What will bring society to collapse, the authors say, won’t be exhaustion of the planet’s stock of energy and raw materials. It will be the growing and insurmountable cost of exploiting them, plus the cost of dealing with the increasing waste and pollution it will cause.
The authors spent decades analyzing how dynamic systems work. They say that unless the world changes the structure of its system, the causes of pressure will not be eliminated and society will collapse. Changing the structure, they say, means abandoning the myth that exponential growth is good. It means a revolutionary change that sees people not as consumers and producers — in other words not as tools of the economy — but as citizens of invaluable worth in their own right.

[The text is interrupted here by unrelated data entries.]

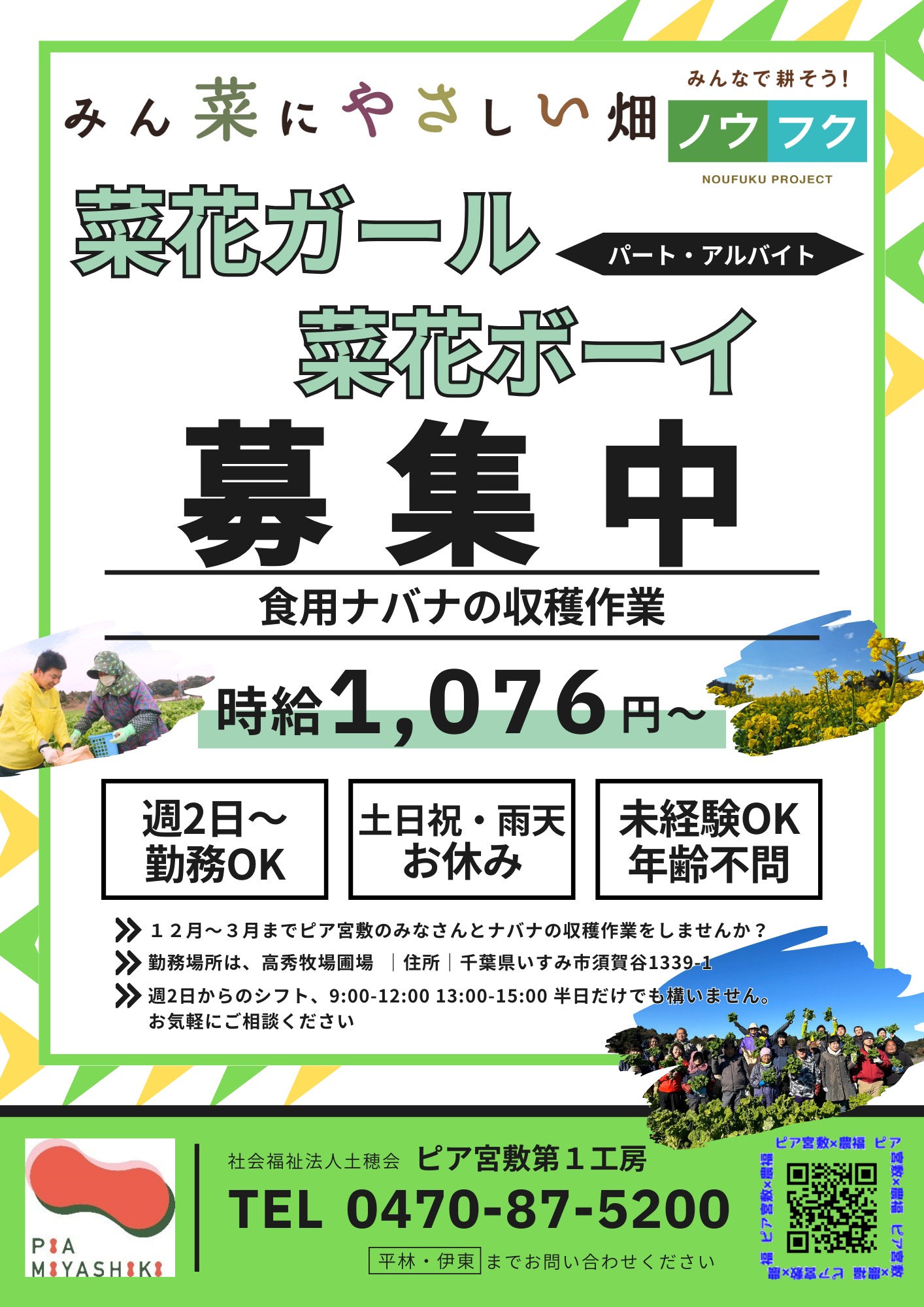 #ピア宮敷第1工房 #菜花 #農福連携 #高秀牧場 #菜花ガール募集 #求人情報 #千葉県いすみ市
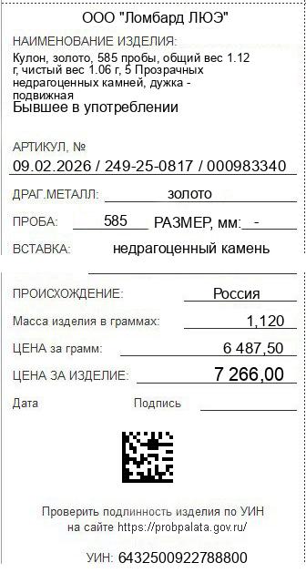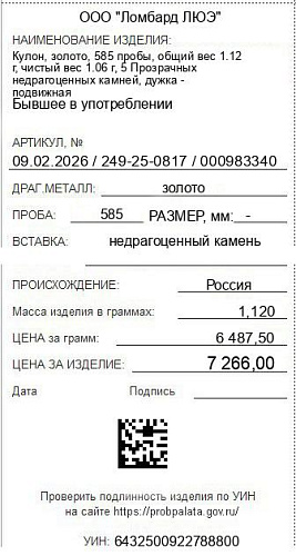 Цена за грамм общего веса: 6487.5Цена за грамм чистого веса: 6854.72Организация: ООО "Ломбард ЛЮЭ"Металл: золотоПроба: 585Артикул: 09.02.2026 / 249-25-0817 / 000983340Базовая единица: шт
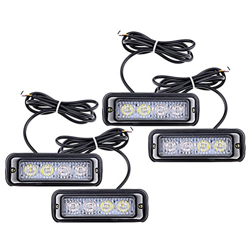 Astra Depot 4pcs 4-LED White Amber Waterproof Emergency Beacon Flash Caution Strobe Light Bar 16 different flashing Car SUV Pickup Truck Van
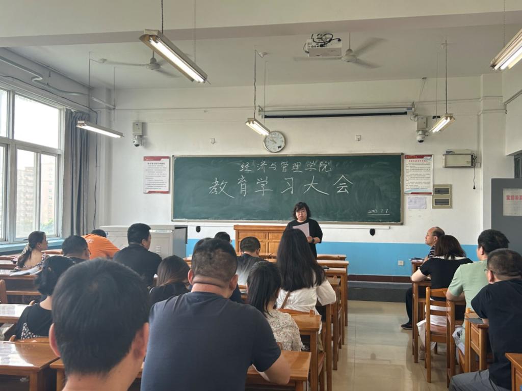 为深入学习贯彻习近平新时代中国特色社会主义思想,落实习近平总书记关于教育的重要论述和指示批示精神,7月7日上午,best365在1517召开师德师风教育学习大会,经管院全体教职工参加此次会议。会议由best365经理李富荣主持。
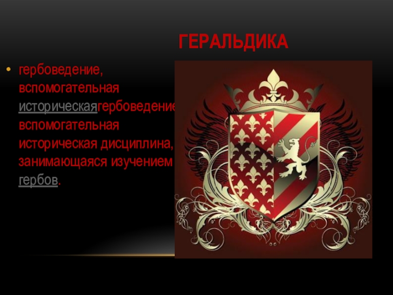 ГЕРАЛЬДИКАгербоведение, вспомогательная историческаягербоведение, вспомогательная историческая дисциплина, занимающаяся изучением гербов.
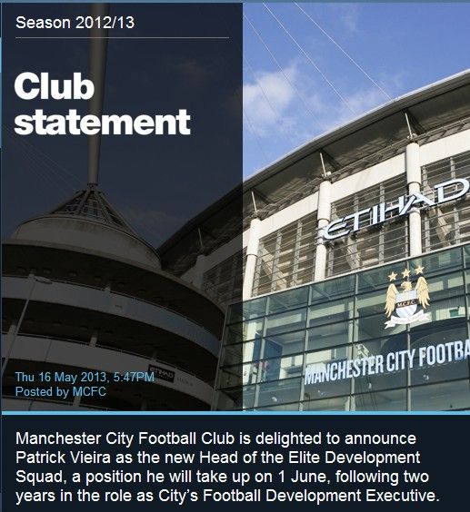 在宣布炒掉曼奇尼后,曼城继续调整俱乐部教练组。当地时间5月16日下午,曼城官方宣布,现任曼城足球发展总监的维埃拉将会在6月1日后出任曼城青年队总教练。
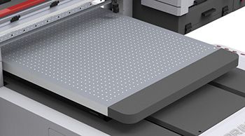 Рабочий стол принтера выполнен из высокопрочного авиационного алюминия и имеет одну зону вакуумного прижима. За прижим материала отвечают шесть турбинных вентиляторов.
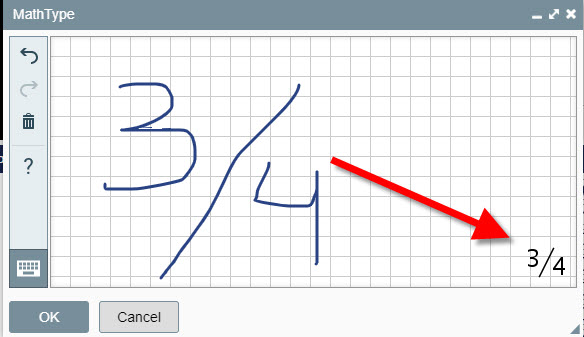 2. Using the mouse or the screen (if touchscreen-capable), draw on the MathType screen. MathType will translate what you have drawn/written into text.
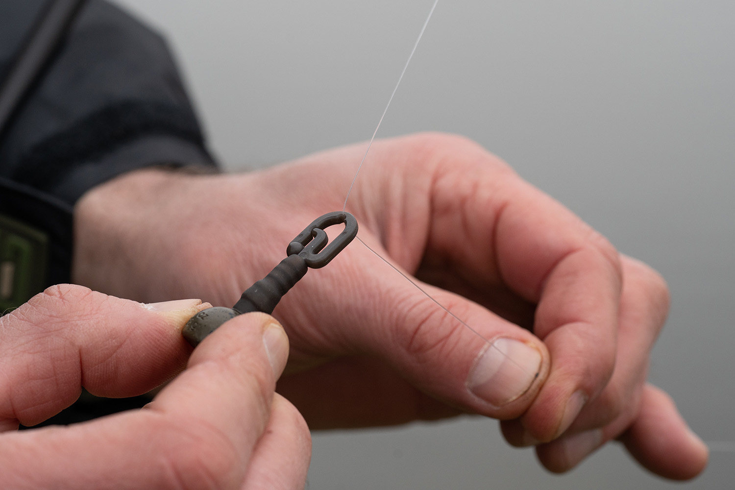 Dieses tarnfarbene, sorgfältig designte Back Lead kann ganz einfach an der Hauptschnur platziert werden. Der obere Teil des Bleis ist aus einem sehr glatten Material und wurde in seiner Form so optimiert, dass es mit minimalstem Widerstand über die Schnur gleiten kann. Der Sleeve, der beide Teile verbindet, wurde relativ starr gehalten um für Festigkeit zu sorgen. Nur durch eine angemessene Menge an Druck können die beiden Teile getrennt werden. Durch ein Verschieben des Sleeves über das obere Teil des Backleads kann der Angler die Menge an Druck, die nötig ist, um beide Teile zu trennen, erhöhen.
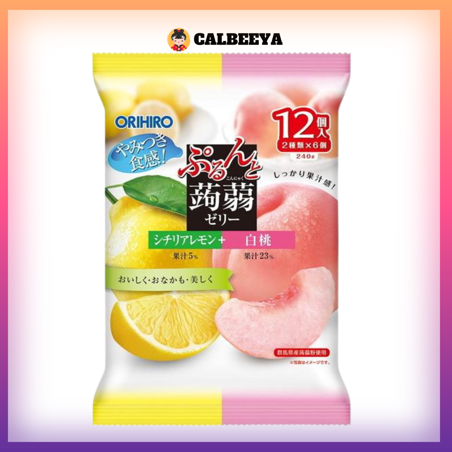 White Peach: High-fructose corn syrup (made in Japan), sugar, fruit juice (peach, apple), konjac flour/acidulant, gelling agent (thickening polysaccharide), flavoring, potassium chloride, sweeteners (acesulfame potassium, sucralose).
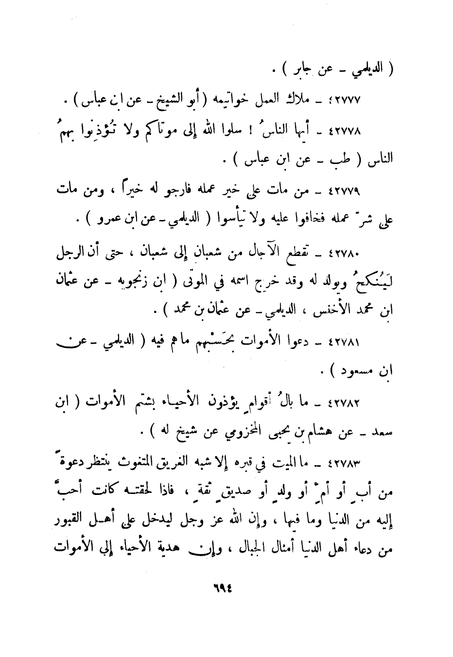 42781- دعوا الأموات بحسبهم ما هم فيه."الديلمي - عن ابن مسعود".
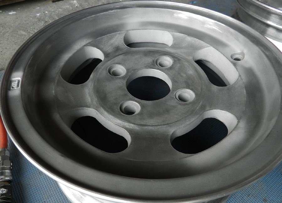 曲り修理してからスポークサイド面縦壁や文字部のブラスト研磨
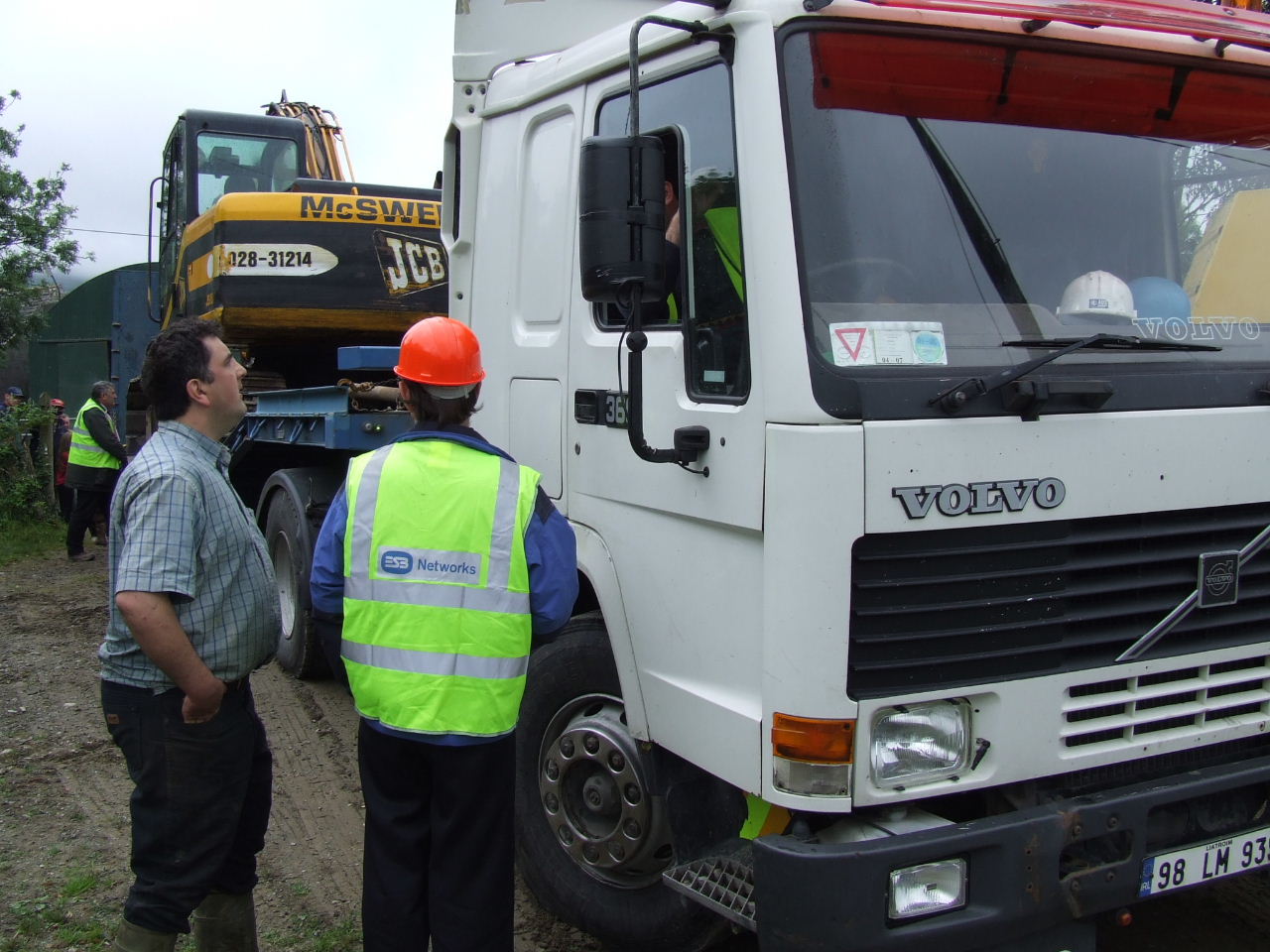 The ESB were told in no uncertain terms that they had no permission to access Burke’s farm. They were told to leave and take their machines and cars with them, but they refused, rudely. When contractor Pat McSweeney agreed to take away his digger truck, Joe opened the gate for him and removed his own machinery which was in his way. Pat Mc Sweeney started to reverse his digger back down the track towards the gate. When he got to the gate, and when the truck was right in between the gate posts … Liam O’Sullivan appeared at the side of the truck signalling him to stop … and then he stuck his feckin’ foot under one of the wheels of McSweeney’s truck!.. stopping him there and blocking the gate.
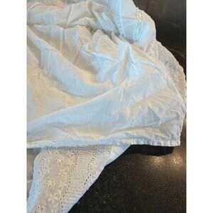 has silky white ribbon lacing thru parts, has embroidered and crocheted parts as well.

The overall standard of living would have to be lower, but the quality of life could be immensely improved. And if that is achieved, if people are assured a decent life, history shows that birth rates will fall, and populations will stabilize.
In Canada we’re fortunate. We’ve been discussing the beginnings of such a revolution on and off for 30 years. It’s called the guaranteed annual income — and embedded within it is a sensitivity toward the welfare of the whole, which is what sustainability and the much-needed revolution are all about.